====== WORKING DATA

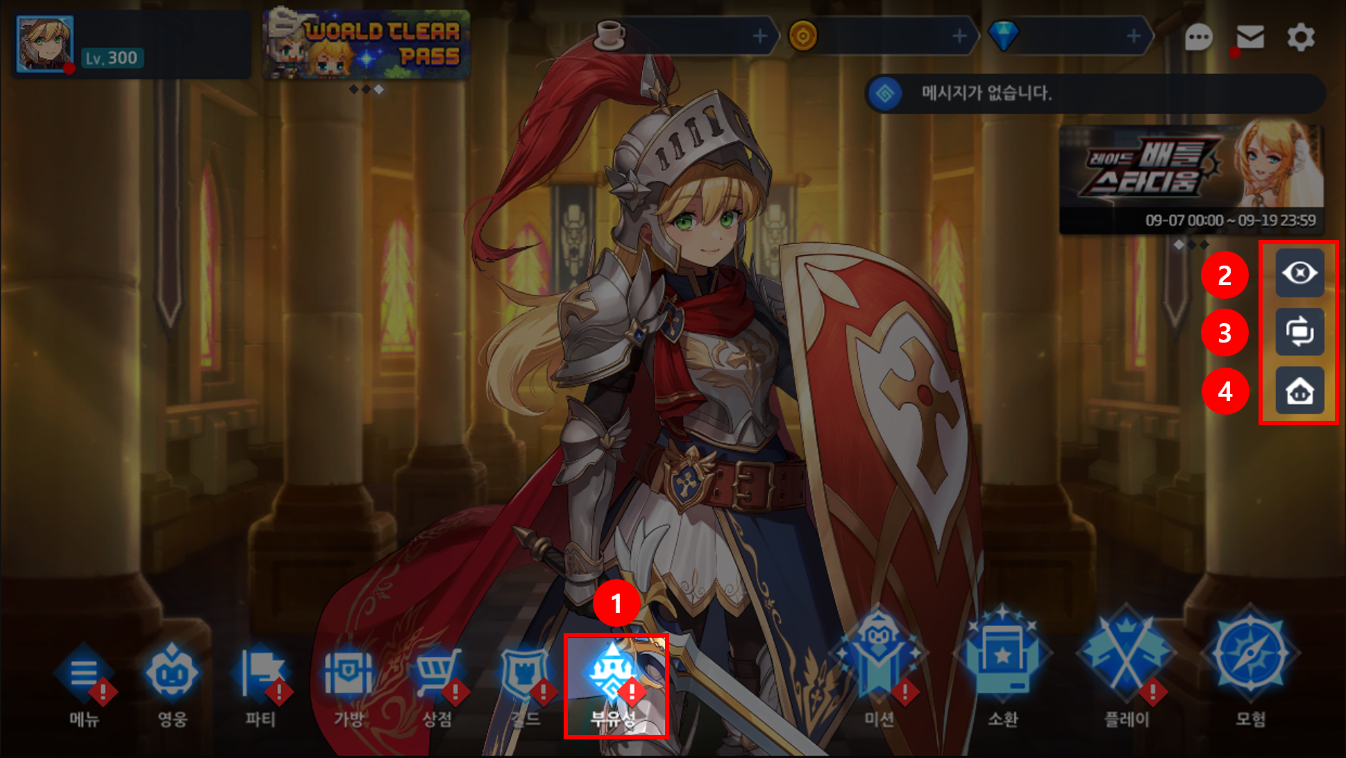 ① 일러스트 로비 화면과 부유성 로비 화면을 전환할 수 있는 버튼이 추가됩니다.
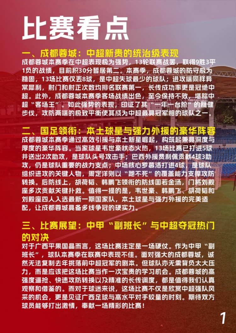 2025中国足协杯第三轮,我们将在平果国晶体育场迎战中超劲旅成都蓉城。本期《赛刊》电子版现正式发布,而纸质版也将在比赛日当天限时限量免费发放,已购票球迷于5月21日12:00-20:00前往平果国晶体育场南广场售票点即可免费领取,限量100份,数量有限,先到先得!
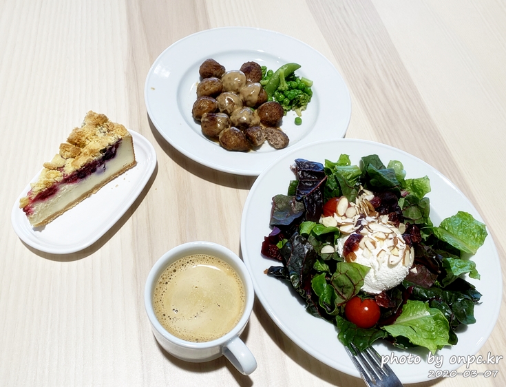 미트볼 12개, 블루베리 치즈케이크, 리코타 치즈 샐러드, 커피까지~!
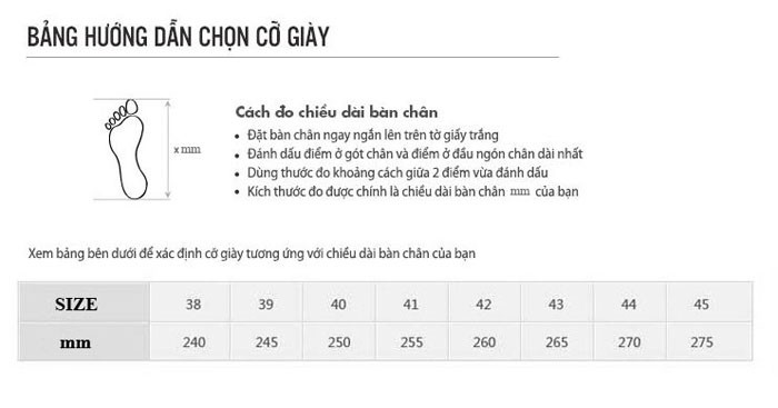 Để chọn được đôi giày ưng ý và vừa vặn nhất với đôi chân của mình, quý khách vui lòng dùng thước đo chiều dài bàn chân của quý khách theo mẫu trên và ghi vào phần ghi chú để nhân viên chăm sóc khách hàng gọi xác nhận và tư vấn cho quý khách!
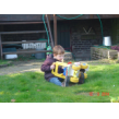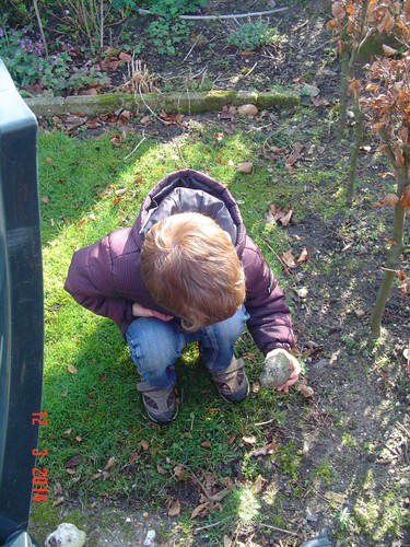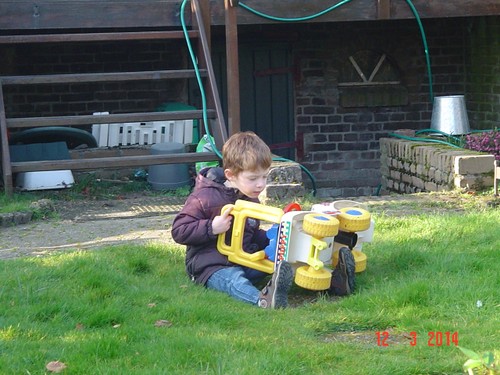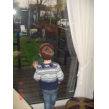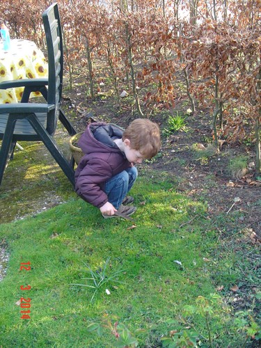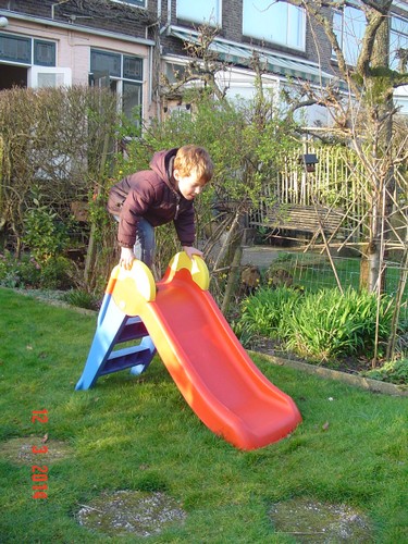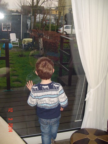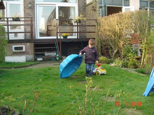 Bart staat al te wachten bij de deur van de kikkers, ik loop naar binnen en dan gaat hij weer braaf aan tafel zitten om z'n melk op te drinken. Linda: dat mag je ook laten staan hoor Bart, je mag gelijk met oma mee. Bart rent weer naar me toe en we zeggen gedag. In de gang: "is mooi weer joh, sonnetje sijnt, kan ik in jou tuin". Jas aan, waar is je helm? "Helm isse niet", neemt papa of mama zeker mee, "misschien komt mama mij hale . . of papa", hangt ervan af hoe laat papa thuis is, "ik denk 5 over half uur". Onderweg: 1e stoplicht is rood, duurt lang, hèhè, groen eindelijk, "ben je blij dat het soen is oma? . . da is papa-mama-strrrrraat . . heimachine is weg . . ben je blij dat we dit padje rrrrrijde?"
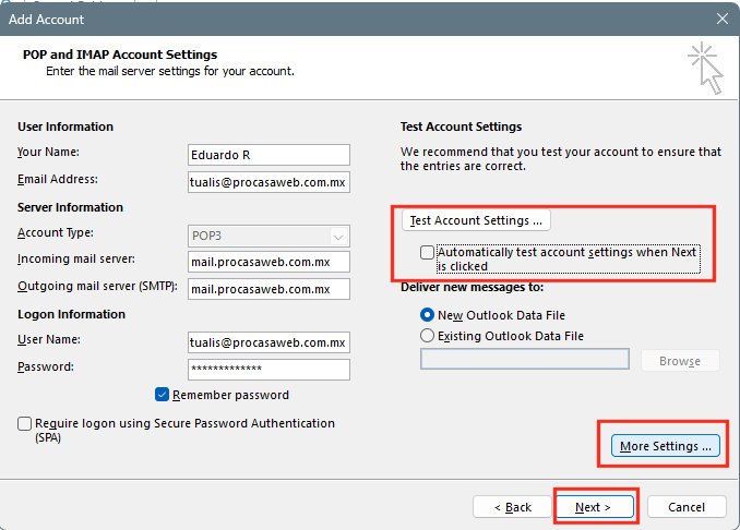 Desmarque la opción de "Probar la configuración de la cuenta"
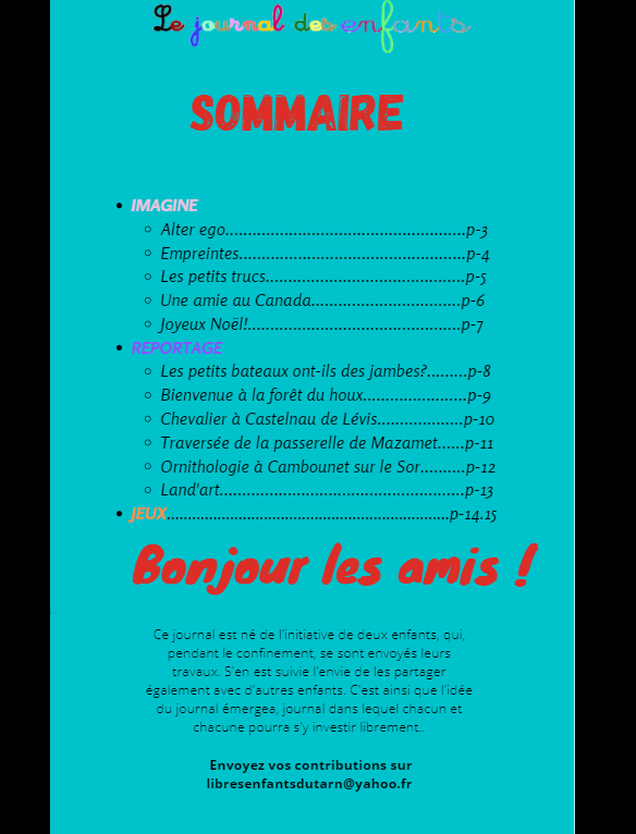 Le numéro 3 du Journal des Enfants sera sur le thème du PRINTEMPS. Vous pouvez envoyer vos contributions (dessins, articles, jeux…) dès maintenant et jusqu’au 16 mai sur libresenfantsdutarn@yahoo.fr
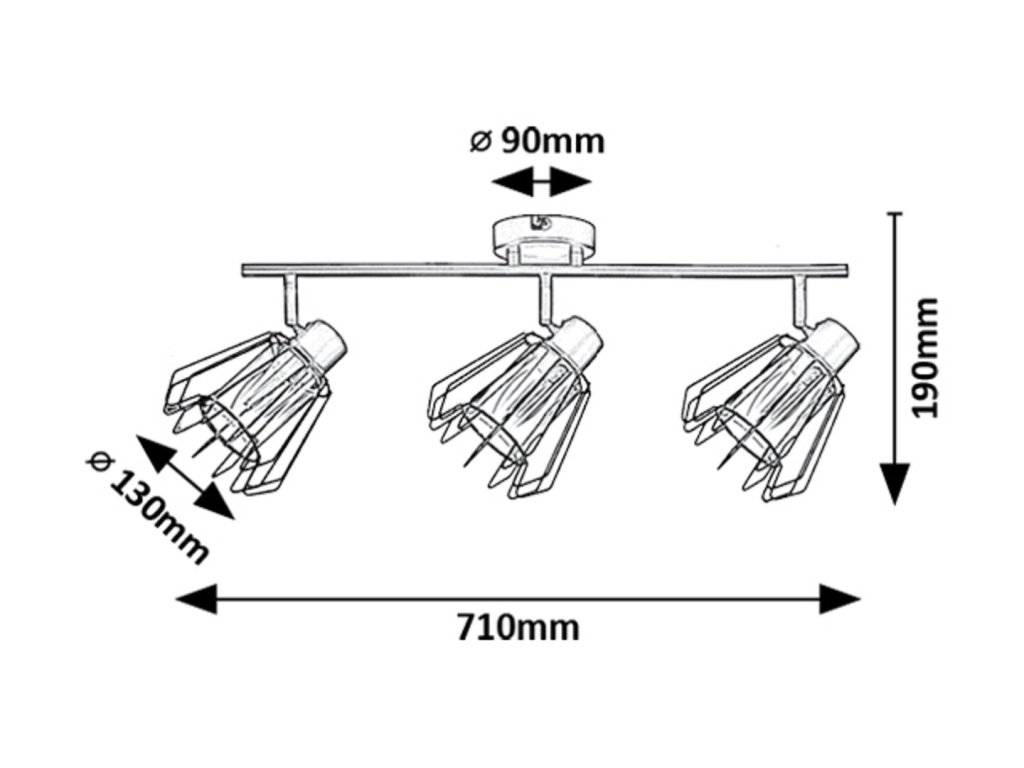 Celková šířka svítidla činí přibližně 710 mm, výška od stropu je 190 mm, průměr stropní základny je 90 mm a průměr jednotlivých světelných hlav přibližně 130 mm.
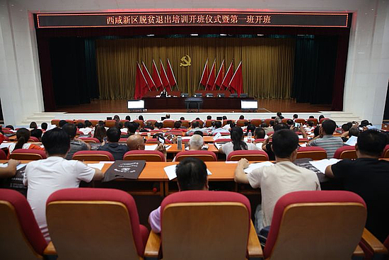 西咸新区围绕组织镇街、村干部专题学习精准扶贫精准脱贫工作方法,提高工作实效,组织脱贫退出培训班。培训为期五天,在各新城巡回授课。采取集中授课、专题讨论交流相结合的方式,重点讲授当前陕西脱贫攻坚形势分析及其未来脱贫攻坚工作的发展方向,详解《陕西省脱贫退出工作导引》、《实施细则》、《西安市计划脱贫工作的实施意见》、《西咸新区脱贫退出实施方案》等。
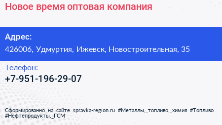 Новое время, оптовая компания по адресу 426006, Удмуртия, Ижевск, Новостроительная, 35 в дальнейшем Организация, размещена в следующих категориях:
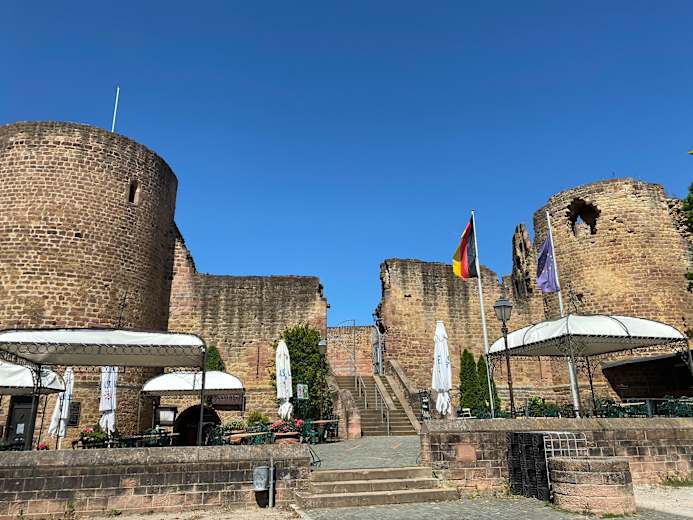 Der Fernwanderweg beginnt zwischen den historischen Gemäuern der Burgruine Neuleiningen und der Pfarrkirche St. Nikolaus. Über gepflasterte, von hübschen Fachwerkhäusern gesäumte Gassen und Treppen verlassen wir den Ort und wandern hinab nach Neuleiningen‑Tal.

============

=== EXERCISE GOAL ===
The records above are to be repeated exactly, with the pictures left out.

=== ANSWER TO THE PROBLEM ===
 ① 일러스트 로비 화면과 부유성 로비 화면을 전환할 수 있는 버튼이 추가됩니다.
 2025中国足协杯第三轮,我们将在平果国晶体育场迎战中超劲旅成都蓉城。本期《赛刊》电子版现正式发布,而纸质版也将在比赛日当天限时限量免费发放,已购票球迷于5月21日12:00-20:00前往平果国晶体育场南广场售票点即可免费领取,限量100份,数量有限,先到先得!
 미트볼 12개, 블루베리 치즈케이크, 리코타 치즈 샐러드, 커피까지~!
 Để chọn được đôi giày ưng ý và vừa vặn nhất với đôi chân của mình, quý khách vui lòng dùng thước đo chiều dài bàn chân của quý khách theo mẫu trên và ghi vào phần ghi chú để nhân viên chăm sóc khách hàng gọi xác nhận và tư vấn cho quý khách!
 Bart staat al te wachten bij de deur van de kikkers, ik loop naar binnen en dan gaat hij weer braaf aan tafel zitten om z'n melk op te drinken. Linda: dat mag je ook laten staan hoor Bart, je mag gelijk met oma mee. Bart rent weer naar me toe en we zeggen gedag. In de gang: "is mooi weer joh, sonnetje sijnt, kan ik in jou tuin". Jas aan, waar is je helm? "Helm isse niet", neemt papa of mama zeker mee, "misschien komt mama mij hale . . of papa", hangt ervan af hoe laat papa thuis is, "ik denk 5 over half uur". Onderweg: 1e stoplicht is rood, duurt lang, hèhè, groen eindelijk, "ben je blij dat het soen is oma? . . da is papa-mama-strrrrraat . . heimachine is weg . . ben je blij dat we dit padje rrrrrijde?"
 Desmarque la opción de "Probar la configuración de la cuenta"
 Le numéro 3 du Journal des Enfants sera sur le thème du PRINTEMPS. Vous pouvez envoyer vos contributions (dessins, articles, jeux…) dès maintenant et jusqu’au 16 mai sur libresenfantsdutarn@yahoo.fr
 Celková šířka svítidla činí přibližně 710 mm, výška od stropu je 190 mm, průměr stropní základny je 90 mm a průměr jednotlivých světelných hlav přibližně 130 mm.
 西咸新区围绕组织镇街、村干部专题学习精准扶贫精准脱贫工作方法,提高工作实效,组织脱贫退出培训班。培训为期五天,在各新城巡回授课。采取集中授课、专题讨论交流相结合的方式,重点讲授当前陕西脱贫攻坚形势分析及其未来脱贫攻坚工作的发展方向,详解《陕西省脱贫退出工作导引》、《实施细则》、《西安市计划脱贫工作的实施意见》、《西咸新区脱贫退出实施方案》等。
 Новое время, оптовая компания по адресу 426006, Удмуртия, Ижевск, Новостроительная, 35 в дальнейшем Организация, размещена в следующих категориях:
 Der Fernwanderweg beginnt zwischen den historischen Gemäuern der Burgruine Neuleiningen und der Pfarrkirche St. Nikolaus. Über gepflasterte, von hübschen Fachwerkhäusern gesäumte Gassen und Treppen verlassen wir den Ort und wandern hinab nach Neuleiningen‑Tal.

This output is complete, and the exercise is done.